## Data organisation
In this tutorial we will look at loading data using Python packages

#### Reading and writing data in text format

Pandas is a good package to read and write tabular data as a DataFrame object.

read_csv: Load delimited data from a file, URL, or file-like object; use comma as default delimiter

read_fwf: Read data in fixed-width column format (i.e., no delimiters)

read_clipboard: Variation of read_csv that reads data from the clipboard; useful for converting tables from web
pages

read_excel: Read tabular data from an Excel XLS or XLSX file

read_hdf: Read HDF5 files written by pandas

read_html: Read all tables found in the given HTML document

read_json: Read data from a JSON (JavaScript Object Notation) string 
representation, file, URL, or file-like object

read_feather: Read the Feather binary file format

read_orc: Read the Apache ORC binary file format

read_parquet: Read the Apache Parquet binary file format

read_pickle: Read an object stored by pandas using the Python pickle format

read_sas: Read a SAS dataset stored in one of the SAS system’s custom storage formats

read_spss: Read a data file created by SPSS

read_sql: Read the results of a SQL query (using SQLAlchemy)
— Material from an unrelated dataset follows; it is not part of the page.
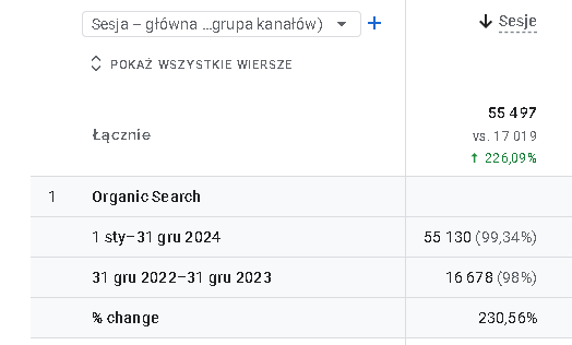 Porównując sam okres roku 2024 z rokiem 2023 udało nam się zwiększyć ilość odwiedzin o 230%: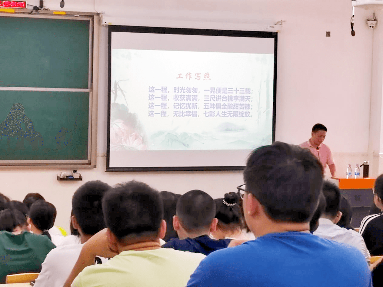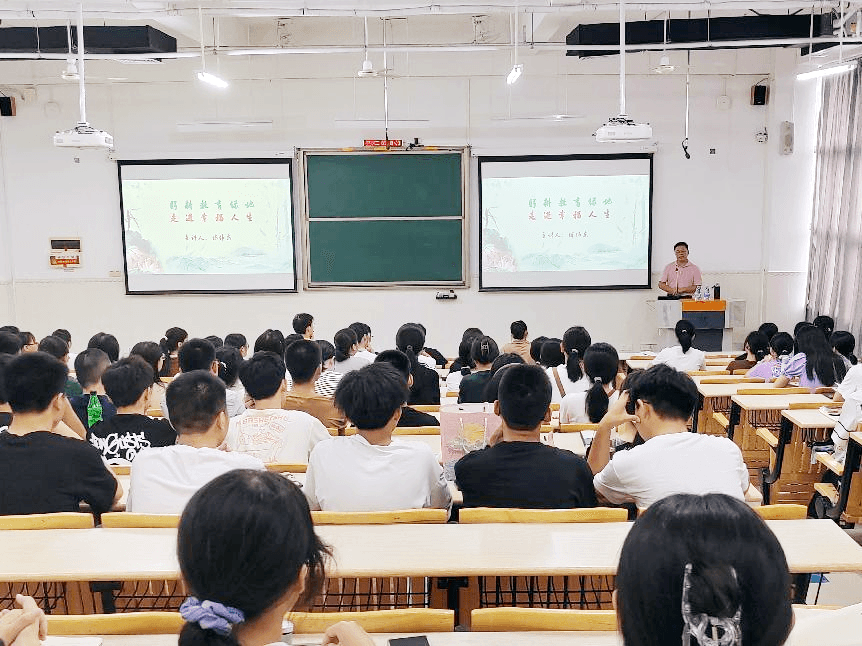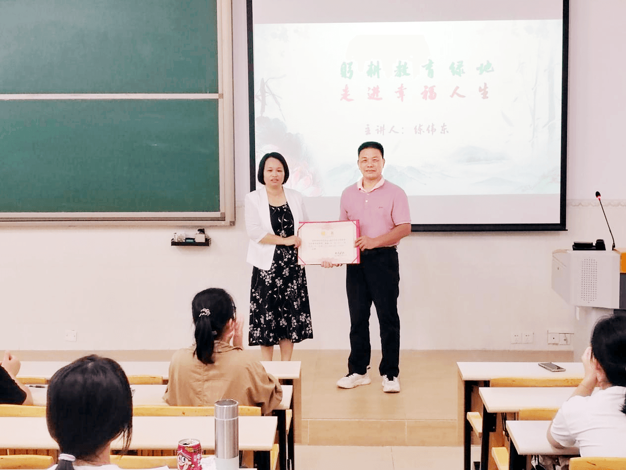 惠州学院兼职副教授练伟东以《躬耕教育绿地,走进幸福人生》为题,从自我介绍、我的教育故事、我的教育感悟三个方面来讲述他的幸福人生。练老师着重讲了在他长达33年教育生涯中的教育感悟,以“教育不是牺牲、而是享受,教育不是重复、而是创造;“善良没有智慧,人生又苦又累”;“善良又有智慧”三句人生信条来启迪新生以后可以在享受教育中创造美好人生。所谓“道阻且长”,他把他的教育阶段分为四个阶段,且每个阶段都躬耕教坛,过得有滋有味。他对新生抱有殷切希望,希望新生能够在他的经验中有所启发,认真学习好专业知识,规划好大学四年的生活,为成为一名教育工作者打下坚实基础。

read_sql_table: Read a whole SQL table (using SQLAlchemy); equivalent to using a query that selects everything in
that table using read_sql

read_stata: Read a dataset from Stata file format

read_xml: Read a table of data from an XML file

There are optional arguments for these functions, which may fall into the following categories:

Indexing:
Can treat one or more columns as the returned DataFrame, and whether to get column names from the file, arguments you provide, or not at all.

Type inference and data conversion:
Includes the user-defined value conversions and custom list of missing value markers.

Date and time parsing:
Includes a combining capability, including combining date and time information spread over multiple columns into a single column in the result.

Iterating:
Support for iterating over chunks of very large files.

Unclean data issues:
Includes skipping rows or a footer, comments, or other minor things like numeric data with thousands separated by commas.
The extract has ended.